This is a threat for all of us. This is not addressed to the “super rich” or the vilified 1% in America—it is the average American. The average American income, and even poverty level income, is much higher than the rest of the world. The poorest of us are very wealthy compared to the world. We have garages that are bigger than the whole living space of many people. We have garages and attics full of unused possessions, clothes filling our closets, and refrigerators, freezers, and pantries full of food. Our children have luxury items and people still do not seem to be satisfied or content. There are people in the US and other wealthy countries who complain about luxuries they have when others are living in abject poverty with absolutely nothing. It is the everyday American living comfortably who has to make sure that he does not forget God.

2. Don’t let adversity separate you from God

Job 14:1 describes man’s days as few and full of troubles. Trials and adversity should produce good fruits in the Christian’s life. James encourages us to “count it joy when you fall into various trials” because of the fruits produced, James 1:2-8, 12. Joy in not our first natural reaction and we should pray for wisdom to understand how to learn and grow from our trials. It is through trials that we receive patience, trust, dependence on God, and appreciation of His care. Trials help us sever our relationship with this troublesome world and grow homesick for heaven where all will be made new and no suffering abides.

In the Parable of the Sower, Jesus described a heart that withered during persecution and trial, symbolized by the sun. Yet the sun, shining over the good soil, nurtured a great crop. Trials that withered the shallow heart helped the good heart to grow and bear fruit!  Trials and adversity are a part of life, it is how we handle them that determines whether they will crush us or strengthen us.

Jim happened to meet the minister on the street one day, and during the conversation told him of all the troubles he had had during the past year.
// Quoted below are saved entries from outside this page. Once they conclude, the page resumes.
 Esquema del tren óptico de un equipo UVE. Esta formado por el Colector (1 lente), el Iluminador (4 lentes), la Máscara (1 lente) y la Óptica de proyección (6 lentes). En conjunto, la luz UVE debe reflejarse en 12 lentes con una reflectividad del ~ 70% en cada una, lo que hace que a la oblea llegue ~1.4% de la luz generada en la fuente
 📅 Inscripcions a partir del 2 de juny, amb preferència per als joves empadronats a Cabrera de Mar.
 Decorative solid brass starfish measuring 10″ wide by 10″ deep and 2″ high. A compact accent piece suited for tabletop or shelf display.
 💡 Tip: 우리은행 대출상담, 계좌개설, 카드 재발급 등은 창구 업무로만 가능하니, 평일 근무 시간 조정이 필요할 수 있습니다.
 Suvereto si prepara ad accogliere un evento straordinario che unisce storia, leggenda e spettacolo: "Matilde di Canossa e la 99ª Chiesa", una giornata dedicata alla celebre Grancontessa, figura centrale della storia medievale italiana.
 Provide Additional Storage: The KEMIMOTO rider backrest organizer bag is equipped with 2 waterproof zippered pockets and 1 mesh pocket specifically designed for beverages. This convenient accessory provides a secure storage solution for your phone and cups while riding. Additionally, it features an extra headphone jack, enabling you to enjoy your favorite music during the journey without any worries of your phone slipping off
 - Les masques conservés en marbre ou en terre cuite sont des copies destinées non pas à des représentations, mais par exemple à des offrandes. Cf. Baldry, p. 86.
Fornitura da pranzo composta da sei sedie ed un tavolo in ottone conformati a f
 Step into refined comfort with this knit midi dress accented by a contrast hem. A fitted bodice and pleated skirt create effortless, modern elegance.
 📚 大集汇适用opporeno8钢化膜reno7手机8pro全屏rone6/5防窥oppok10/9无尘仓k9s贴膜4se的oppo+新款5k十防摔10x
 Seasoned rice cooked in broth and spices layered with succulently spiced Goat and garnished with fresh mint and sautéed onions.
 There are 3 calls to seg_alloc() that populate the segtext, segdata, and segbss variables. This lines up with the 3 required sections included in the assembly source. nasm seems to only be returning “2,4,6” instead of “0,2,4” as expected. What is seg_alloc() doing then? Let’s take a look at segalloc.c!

He wound up with: “I tell you right now, preacher, it’s enough to make a man lose his religion.” “Seems to me, Jim,” the minister told him quietly, “it’s enough to make a man use his religion.” Tan, P. L. Encyclopedia of 7700 Illustrations.

Trials reveal the genuineness of our faith, 1 Peter 1:7. We must remember that “our light affliction, which is but for a moment, is working for us a far more exceeding and eternal weight of glory,” 2 Corinthians 4:17-18.

3. Trust God with the unknown things

We must realize that God’s greatness and wisdom exceeds ours and there are so many things in His domain of operation that we can’t grasp or know but trust that He has it in control. Deuteronomy 29:29 reminds us “the secret things belong to God.”

People spend much fruitless energy trying to identify with certainty the things that operate in God’s realm. Unless God explicitly reveals His actions, it is presumptuous of me to say “God did THIS.” Give glory to God that whether by chance or His purpose, the action took place but in humility remember that “His ways are past finding out.”

I don’t have to know how God will answer my prayers, I have to trust in Him to give all things to Him. God’s word promises peace to those who give everything into His care, Philippians 4:6-7. We often do not have peace because we do not really trust God to take care of our concerns or we insist on taking the burden back from Him. Peter tells us to cast all of our anxiety on God; an act of faith in His love, care, and ability to do something about that which is causing us anxiety, 1 Peter 5:6-7. This approach allows us to embrace the next principle.

4. Trust God to make all things work out for good

God promises that “all things work together for good to those who love God, to those who are the called according to His purpose,” Romans 8:28. This is a promise of God and I trust that He can do this even when I don’t know how He will do it and when I don’t see how He could make it happen. He is the master designer of a grand work of art and I am one of many artisans toiling on my very small part of the whole. If I do what I’m supposed to do God will make it part of something much larger and more beautiful.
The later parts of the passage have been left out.